WORK INSTRUCTIONS: Below are the entries to work from; restate word for word the portion that opens with the line containing "منظم توابل دوار" and closes with the line containing "Draper James NWT", keeping both.

AVAILABLE DATA:
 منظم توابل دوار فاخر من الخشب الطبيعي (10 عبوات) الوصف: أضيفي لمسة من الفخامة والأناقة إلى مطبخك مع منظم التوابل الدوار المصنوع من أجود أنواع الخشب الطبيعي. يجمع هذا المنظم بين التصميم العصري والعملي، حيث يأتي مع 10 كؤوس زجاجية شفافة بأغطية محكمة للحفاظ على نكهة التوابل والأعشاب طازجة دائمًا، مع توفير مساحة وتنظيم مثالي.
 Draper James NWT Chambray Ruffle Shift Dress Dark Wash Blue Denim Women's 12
* * *
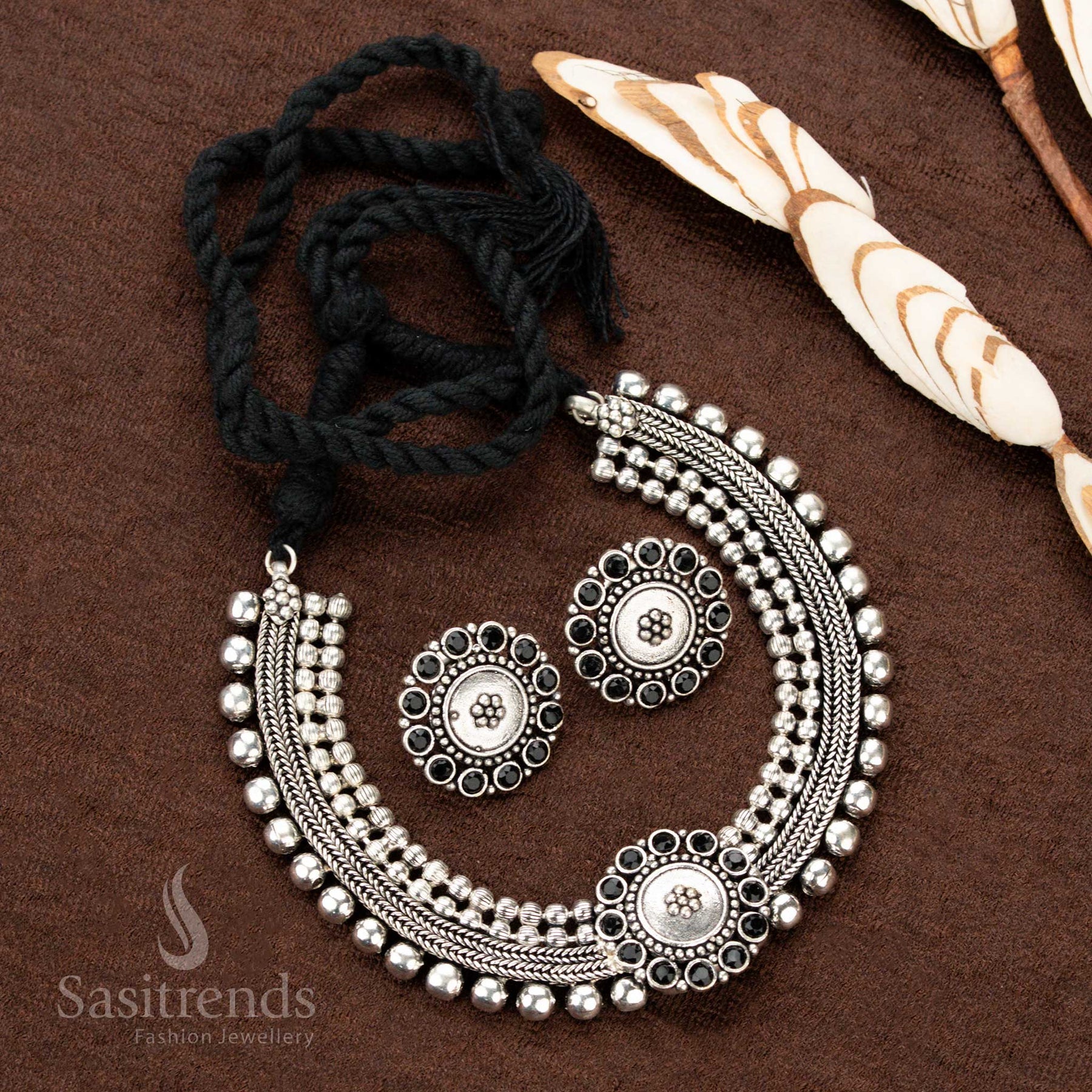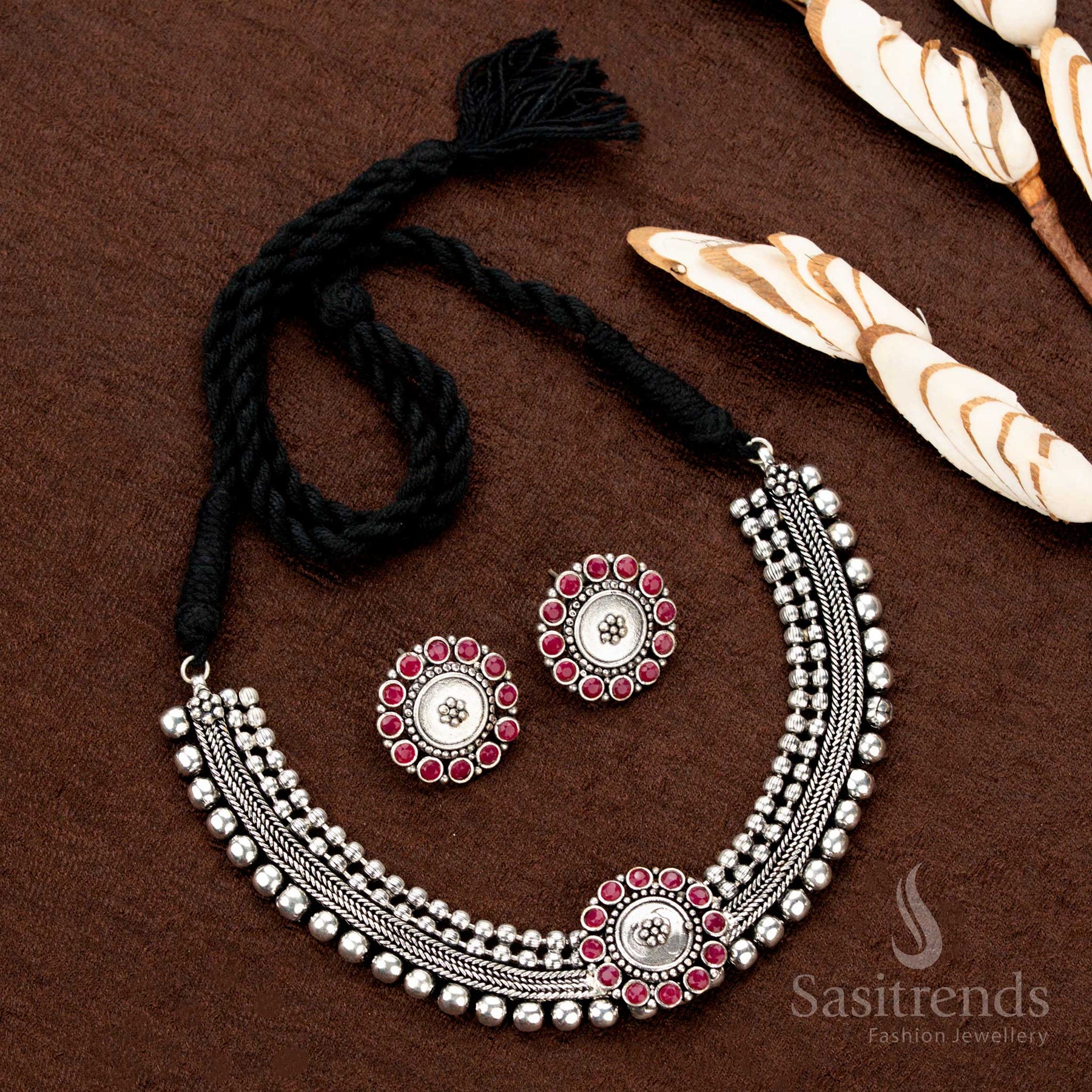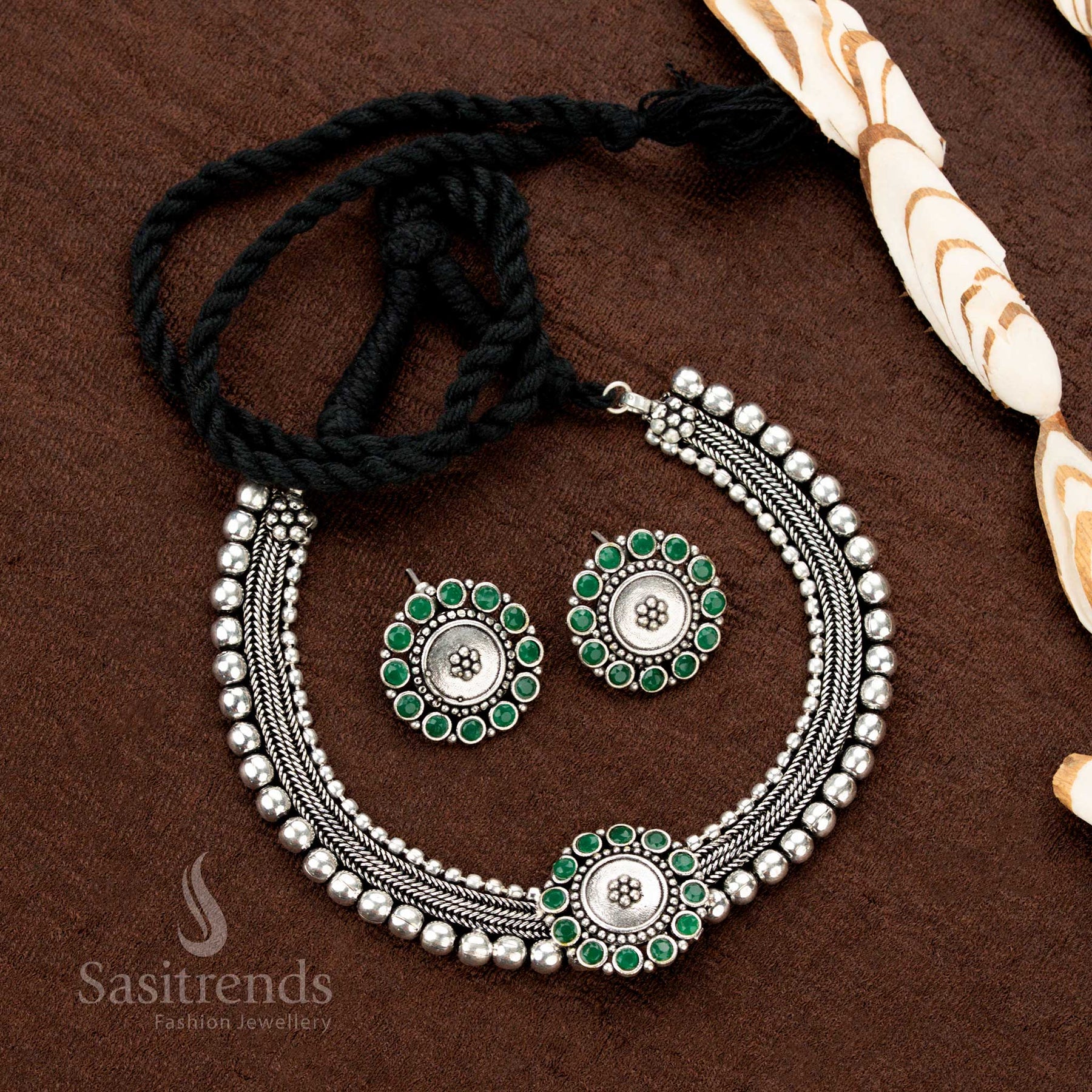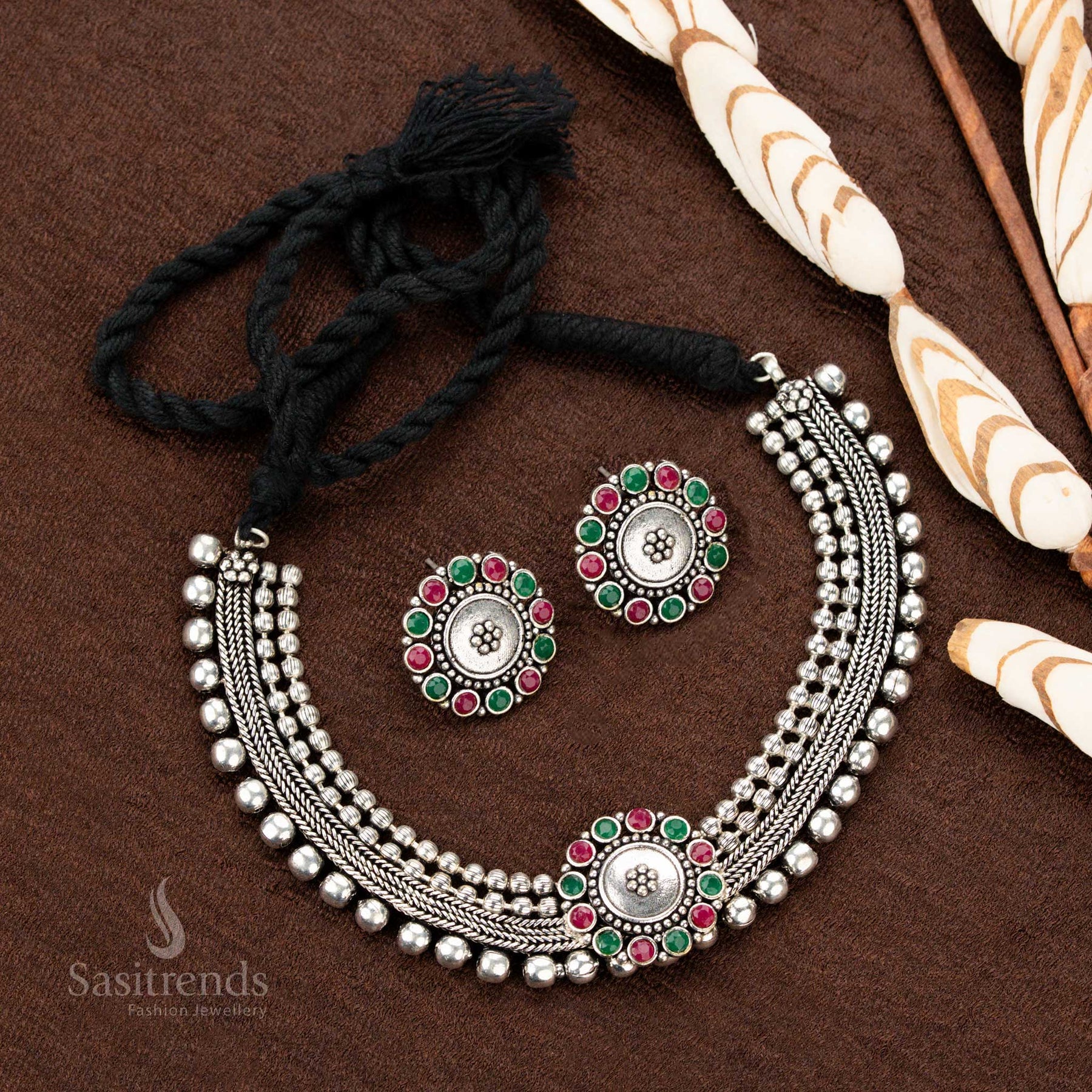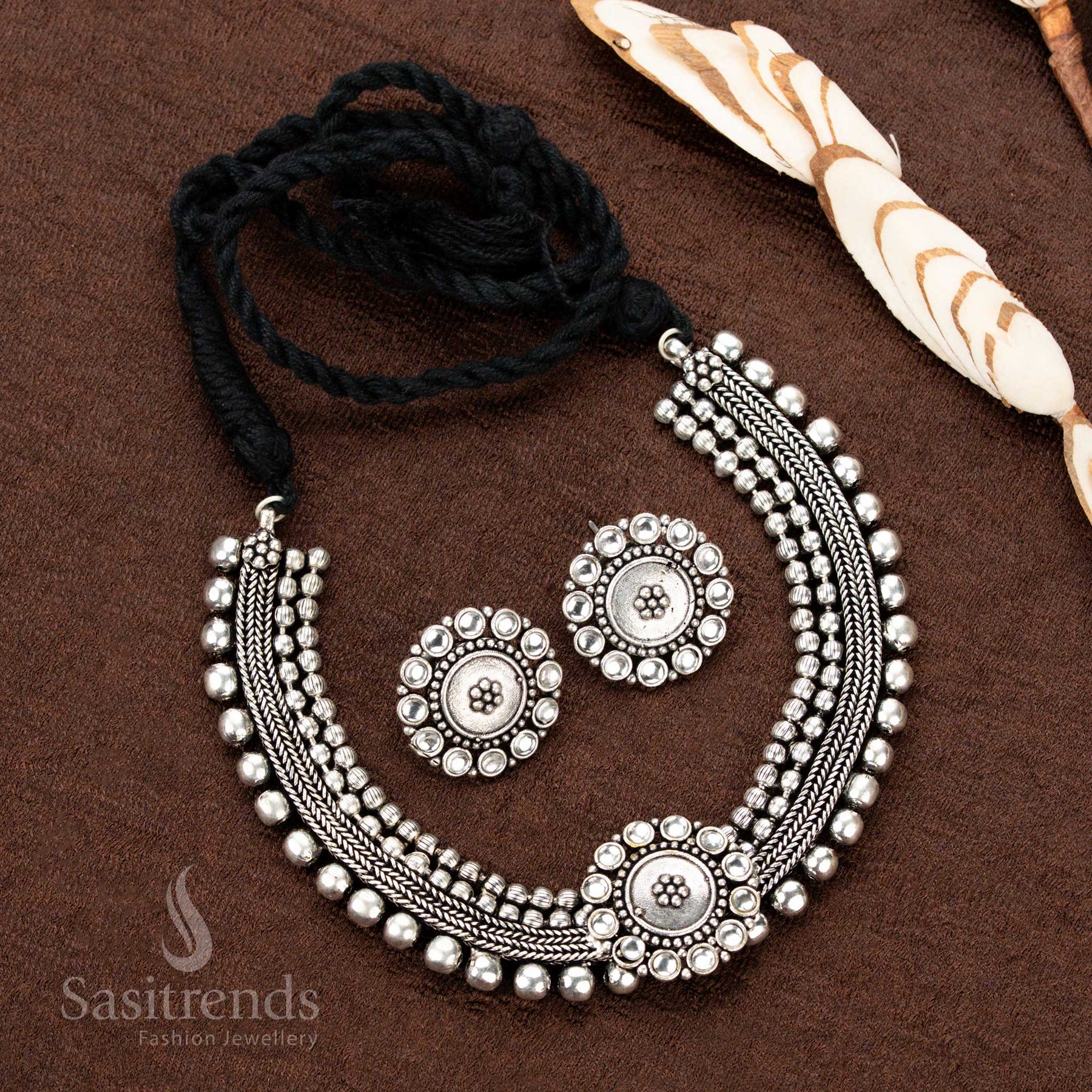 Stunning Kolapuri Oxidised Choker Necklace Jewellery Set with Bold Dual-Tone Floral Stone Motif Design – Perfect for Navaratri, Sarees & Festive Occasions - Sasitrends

EXERCISE ANSWER:
 منظم توابل دوار فاخر من الخشب الطبيعي (10 عبوات) الوصف: أضيفي لمسة من الفخامة والأناقة إلى مطبخك مع منظم التوابل الدوار المصنوع من أجود أنواع الخشب الطبيعي. يجمع هذا المنظم بين التصميم العصري والعملي، حيث يأتي مع 10 كؤوس زجاجية شفافة بأغطية محكمة للحفاظ على نكهة التوابل والأعشاب طازجة دائمًا، مع توفير مساحة وتنظيم مثالي.
 Draper James NWT Chambray Ruffle Shift Dress Dark Wash Blue Denim Women's 12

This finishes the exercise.